Maureen, slam poetry captures unveiled truth – grief, anger exhaustion which refuses to hide behind literary devices. No metaphors or similes needed. Raw honesty that cuts to the bone. I hear yor pain and will hold you in my prayers.

You did it. Addiction is a much needed topic to name, and you’ve done it with care for the individual and anger foe the systems that contribute like lain meds leading toward dependence. And you share how it becomes, how Addiction consumes who you knew.

anita ferreri

Maureen, addiction consumes you and then remakes you in an unfamiliar shell of the person you were. Your words capture some of the pain and grief of time lost to this invisible and powerful force that takes families to the edge of their existence. This could be my poem. Thank you for writing it. I cry and pray for you and all consumed by this “relentless” power.

Dave Wooley

Maureen, that first stanza pulls us in to this tragic truth. You completely capture the frustration and fear and hopelessness of bearing witness to addiction. This is a powerful plea. I will hold you in my thoughts, and hope for the best.

Luke Bensing

This cuts so deep. Anyone with any addiction and anyone with any time in their life that has been close to that suicidal edge or tried to speak life into a loved one that has been feeling that can get so much from this powerfully magnificent empathetic and caring collection of words. Thank you for writing and for sharing this with us today

Carrie Horn

Maureen, just wow. I felt how raw the emotion was. The sting of addiction in all its cruelty. How it lies to the user and steals their chances. How it breaks relationships. I applaud you for trying to find true grace. Thank you sharing something so deeply personal.

Susan O

“I pray, I cry, I beg…I want you back” are strong words of truth coming from a parent whose child has gone down the addiction path (or someone who has lost a friend.) The visual of “so fried she’s now a shell” left a hole in my heart.

brcrandall

POWERFUL verse today, Maureen….in fact, timely (at least for me) as an ol’ friend contends with similar poetics & her son’s addictions. I loved reading all of this and could feel its therapeutic qualities in the ranting.

Denise Krebs

Maureen, so powerful. Wow, addiction is hell, and you have captured that here with your spoken word poem. Your emotion comes through throughout, but “I want you back” is so tender.

Diane Anderson

Let them read what they choose
As long as they read, they can’t lose

They’ll never be too old
Picture books and read-alouds are gold

You think it’s lazy to read a graphic novel
Your thinking is just awful

You think it’s lazier to listen to audiobooks
Then research you’ve just overlooked

You think poetry is just fluff
Maybe your understanding’s not strong enough

You think only non-fiction is what they need
Reading all genres sets minds free

Reading when-ever, how-ever, what-ever
Is an endeavor that makes them clever

Let them read what they choose
As long as they read, they won’t lose

Leilya Pitre

Diane, I am with you from the first lines until the end, just let them read what they choose.
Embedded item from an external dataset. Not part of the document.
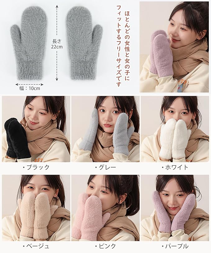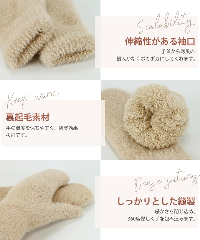 [MOWO] 手袋 レディース 防寒手袋 【ふわふわで可愛いい・暖かい裏起毛・毛が抜けにくい】 冬 柔らかい 温かい グローブ 保温 伸縮性 窮屈感ゼロ 自転車 通勤 プレゼント グラブ てぶくろ ミトン a

Each couplet is great, but I will highlight this one:
Reading when-ever, how-ever, what-ever
Is an endeavor that makes them clever”
I also like how you reinforce your initial idea coming back to the first couplet. Your are a gifted rhymer! Thank you.

Stacey Joy

Yes, Diane!! Standing and snapping for your poem. Love it all!

They’ll never be too old

Picture books and read-alouds are gold

anita ferreri

Diane, yes this is a call to action I can join, will organize protests, and scream at school board meetings. It does not matter what they read. Even series that reek of fluff, think old Babysitter Club books are having a resurgence as they deal with all the relationship, parent, family, school, money, camp, issues that remain central issues in the lives of your people. The boys will even sneak them.

Sharon Roy

Diane,

Hear, hear!

Love the fun rhyme in your serious poem.

Let them read what they choose

As long as they read, they won’t lose

cmhutter

Let them read what they choose
As long as they read, they won’t lose”- YES! Your passion for this comes through loud and clear. The rhythm on the poem just adds to the power of your words.

brcrandall

With you 100% Diane. Let them choose. Again and again I’ve watched research show that once kids can find their way to texts they love, they evolve as lifelong readers. Almost 20 years now in higher education, I read from students all the ways they pretend to read what is assigned in their high school classrooms, but how they were given little to know choice. It’s something!

Carrie Horn

Love this. “…endeavor that makes them clever”. Kids, students, people need to be free to read whatever they desire. Your poem ignites that fire in me. And reminds me of the passion I had as a teacher, needing freedom to arouse young minds.

Darshna

Yes, let them choose! Love your slam poem and message!

brcrandall

Thanks, Ashley…worked with a room full of adolescents to see if they might help me string a few words along today…composed from the words lists they helped to create with a challenge to play with language….a bit of a collaboration poem. Always fun to slam a fist on a podium with others.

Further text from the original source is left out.